É o “seguinte”: Seu João, gente boníssima de um bairro nobre da cidade, indo contra maré de seus amigos, não abriu mão de sua nostalgia e era decidido a não se mudar para um Condomínio Fechado. Era tachado como louco por seus antigos vizinhos que diziam:
- Seu João, sua família merece segurança, conforto, este bairro não é mais como era antes, continuaremos vizinhos no mesmo condomínio fechado, em outro lugar.
- Não! Dizia Seu João. Tradicionalista e corretíssimo acreditava na segurança do poder público, no direito de exigir segurança que paga com muito custo, através dos impostos mensais. Se já paga tantos impostos, porque teria que pagar, também, para ter segurança em um condomínio fechado? Ficou decidido, segurança não era sua obrigação, além do mais, foi ali, naquele bairro, que viu seus filhos crescerem sem preocupações, e será ali, que irá soltar pipa com seus netos.
Os amigos acham que ele, um senhor tão inteligente, vive em um mundo utópico para os dias de hoje, mas, ele não era o único que permanecia naquele bairro. Não se tem mais paz, atualmente, pelo menos uma vez por semana há pequenos e grandes assaltos.

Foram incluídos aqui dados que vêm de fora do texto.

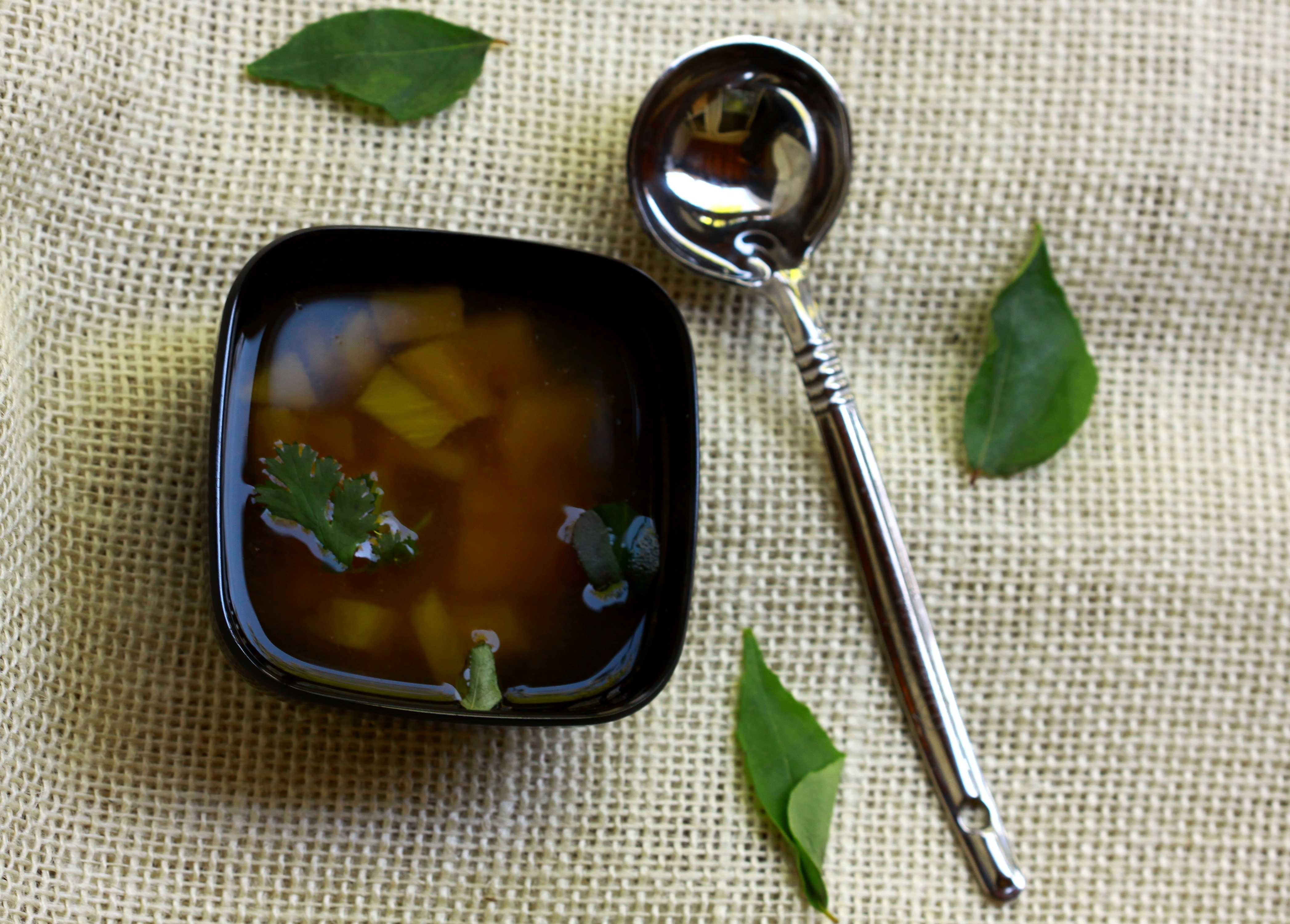 - Moderate the amount of jaggery/ sugar so as to give the rasam a hint of sweetness over the sharpness of the ginger and the pepper.

Aí vocês me perguntam: “cadê o Justipa?” Então, o SEU JOÃO, resolveu fazer um puxadinho na sua casa, já que não mudaria de casa, iria investir na área de lazer. Ë isso ai, achava que seu imóvel valeria mais na hora de uma inevitável venda, quando na realidade, os imóveis só estavam desvalorizando naquela região por conta dos assaltos.

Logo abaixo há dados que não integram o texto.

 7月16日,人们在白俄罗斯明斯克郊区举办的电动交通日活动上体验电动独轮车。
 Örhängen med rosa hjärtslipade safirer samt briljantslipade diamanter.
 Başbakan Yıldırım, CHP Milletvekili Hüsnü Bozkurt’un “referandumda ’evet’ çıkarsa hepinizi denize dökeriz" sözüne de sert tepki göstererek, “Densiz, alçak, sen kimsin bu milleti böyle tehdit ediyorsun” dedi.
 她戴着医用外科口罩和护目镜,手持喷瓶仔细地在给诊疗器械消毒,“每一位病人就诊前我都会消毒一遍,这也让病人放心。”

Ai,ai,ai,ai,ai, o Justipa, né? Então, para “levantar o puxadinho”, hehe, “levantar o puxadinho”, o Seu João, contratou três pedreiros para a mão de obra através de um empreiteiro, mas, fazia questão de selecionar, ele mesmo, quem entraria dentro sua casa para trabalhar. Assim, pediu para que levasse na sua casa os candidatos para uma entrevista e entre os três estava “tchararam!!!!!!” O JUS-TI-PA!!!!
Seu João começou com a entrevista e o primeiro a ser questionado foi o Justipa:
- Seu nome? Questionou seu João.
- Justipa?
- O que? “Tá” resfriado?
- Não, não “to custipado”!
- Seu nome, como é?
- JUS – TI – PA! Ouviu agora?
- Aaaaah, o seu nome é Justipa? Mas, não é apelido não?
- Não, minha mãe colocou esse nome mesmo, mas ela nem lembra porque, não lembra nem de ter ido no cartório. Disse o pedreiro conformado.
- E o nome da sua mãe? Perguntou seu João continuando a entrevista.
- É mãe.
Com paciência Seu João perguntou, - como se chama a sua mãe?
- Mãe, ora.
Sem paciência o Seu João questionou:
- nome é Maria, Joana, Aparecida, qual é o dela?
Justipa demonstrou que também não tinha muita paciência:
- É mãe, eu já disse, mãe é mãe, ela nunca disse o nome dela.... É mãe!
Melhor seria mudar de pergunta, então seu João continuou:
- Onde você mora?
- Na minha casa,... onde eu durmo. Disse o Justipa. Nessa hora o seu João perdeu a cabeça de vez e informou a todos:
- Amanhã vocês voltam, tenho que ir embora. E essa foi a primeira vez que o Seu João perdeu a paciência com a obra.
No final da tarde, mais calmo, seu João ligou para o empreiteiro e considerou a inocência de Justipa, que sem dúvida era sincera, uma qualidade. Assim, disse ao empreiteiro que o Justipa estava contratado.
Como seu João era de bom coração, decidiu que iria ajudá-lo e em uma semana de trabalho do Justipa, era ele quem mais chamava o “Seu Jão” para uma prosa.
Quando seu João pediu os documentos ao Justipa para qeu pudesse fazer seu registro, descobriu que ele nunca havia providenciado um Título de Eleitor, ou CPF, que era analfabeto com 29 anos de idade e resolveu que tomaria conta disso tudo para ele. Foi assim, que seu João conheceu mais um pouco da história da vida dele, os tipos de dificuldades. E foi assim também, que seu João descobriu o quanto lhe fazia bem fazer o bem por alguém e Justipa não teve onde guardar tanta felicidade, pois era a primeira vez em toda a sua vida, que alguém se preocupava com ele.